The values for λ _r are chosen such that the tabulated values for all ψ _j 's are positive or negative integers, while n is the number of data points used. These polynomials have been extensively calculated by Pearson and Hartley with their calculations being used in our experiments[14]. The method, and notation, are typical for this type of numerical analysis.

Once ${\widehat{\beta }}_j$'s have been tabulated, the filtering level at each of the recorded masses is then calculated. This is done by first transforming each of the masses defined by equation 1 above. These transformed masses are then placed into the orthogonal polynomial equation with the result being the noise level at that mass. An example of a noise level created in this manner can be seen in Figure 2.

In this section, we demonstrate the impact of our new filtering approach. We have performed a series of experiments using spectrum data obtained from our research lab (using known samples, or those identified with a high degree of confidence), and also samples obtained from the PEAKS research group[15], the Pepnovo research group[16], and two data sets provided by Keller et al[11].

Our first set of experiments tracks the percentage of primary peaks and secondary peaks compared to noisy peaks. Primary peaks are associated with any b or y ion, while secondary peaks are any a ions, or primary peaks coupled with a loss of water or loss of ammonia. Noisy peaks are any peaks that are not classified as either primary or secondary. Some data sets have been centroided (tight clusters of peaks are grouped together). Both centroided and non-controided data sets were used to illustrate that our method can be used to filter a variety of different data. For data sets that were not centroided, all peaks within 0.1 amu were removed from the number of noisy peaks since they could be considered to be a primary or secondary peaks themselves. We use this metric, as it is similar to the work performed by Bern[1].

In a second set of experiments, we use our De Novo sequencing approach[17], with the spectra pre-processed by the variety of filtering methods. The results are reported with tables that show the number of identified amino acids over the whole data set.

Data sets considered

To evaluate the different filtering methods, experiments were first run against a total of 3105 spectra from the previously mentioned sources and 384 spectra generated in-house. Each set of spectra contained a different amount of initial noise as well as primary and secondary ions. Table 1 illustrates the initial nature of the data sets. For the data sets generated in-house, the primary and secondary peaks constitute 1.23% of all observed peaks. By eliminating the lowest 10% from consideration, the percentage rises to 4.77%. If one keeps only the highest 10% of peaks, the percentage of primary peaks rises to 6.97%. It should also be noted that the Keller and Pepnovo data have been centroided. This has significantly decreased the number of peaks in each of their data sets, resulting in higher percentages Table 1.

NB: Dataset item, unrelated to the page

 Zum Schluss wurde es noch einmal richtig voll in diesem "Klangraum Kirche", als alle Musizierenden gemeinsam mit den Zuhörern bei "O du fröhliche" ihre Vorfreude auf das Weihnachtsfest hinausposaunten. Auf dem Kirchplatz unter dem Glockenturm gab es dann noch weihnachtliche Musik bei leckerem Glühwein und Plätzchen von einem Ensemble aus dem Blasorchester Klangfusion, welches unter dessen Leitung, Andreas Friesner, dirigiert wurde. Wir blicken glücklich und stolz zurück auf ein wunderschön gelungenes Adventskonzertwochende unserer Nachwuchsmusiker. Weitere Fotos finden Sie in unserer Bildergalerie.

There are a few important points to highlight with regards to the data. First, for any m/z value, there can only be an integer number of ions observed; a spectrum is in essence a discrete histogram. As one adjusts the "noise threshold," there can be large jumps in the number of eliminated peaks. Second, as the filtering becomes more aggressive, and peaks are eliminated, the percentage of primary and secondary peaks increases - but it is frequently the case some of these valuable peaks are lost. To carry this to an extreme: if one were to filter, and retain only a single y ion - 100% of the remaining peaks would be primary in nature, but peptide identification would be nearly impossible.

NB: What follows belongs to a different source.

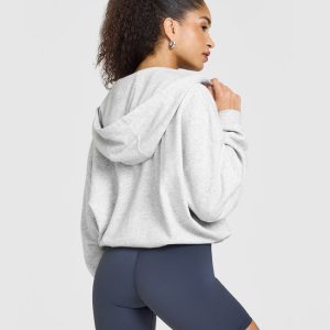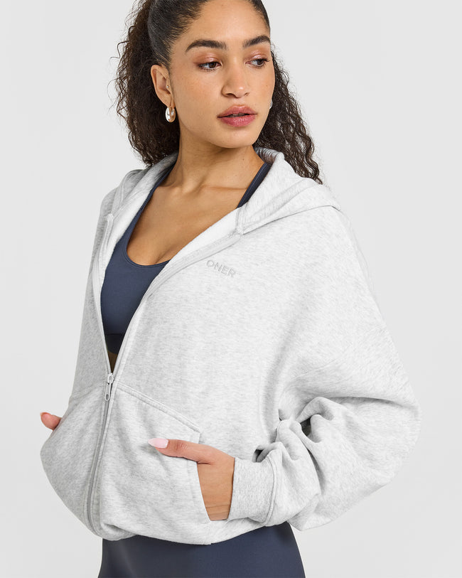 Mid Weight Zip Through Hoodie Light Grey Marl

Comparison of filtering methods

For comparison, we first evaluated a filtering technique developed by Purvine et al[7], known as Spequal. This uses a single set of filtering parameters. The Spequal method eliminated 14.85% of the primary ion peaks and 70.94% of the noisy peaks; it does not support SNR adjustment.

Both the Xu algorithm, and the approach presented in this paper were applied with SNR ratios of 1, 3, 5, 7, 9 and 11. This range of SNR ratios was chosen, as they vary from being very gentle to very aggressive, giving a good overview of the trends.

For our approach, bin sizes of 3, 5, 7, 9 and 11 were used. The use of three bins results in broad, smooth curves. As most peptides encountered had between five and twelve amino acids, there is little to be gained by having a higher number of bins - the curve fitting approach works best if there are primary ions in each bin. To adjust the flexibility of orthogonal polynomial curve fitting, polynomials with degree 2, 4, 5, 5 and 5 were used for each of the respective bin sizes.

There are constraints on the polynomial degrees - for a case with only three bins, one can have at most a degree two polynomial. As the number of bins increases, more complex polynomials become possible; at most, the degree can be one less than the number of bins. As the number of bins increases, however, we observed diminishing impact of higher degree polynomials - beyond degree 5, we saw no significant change in the shape of the curves.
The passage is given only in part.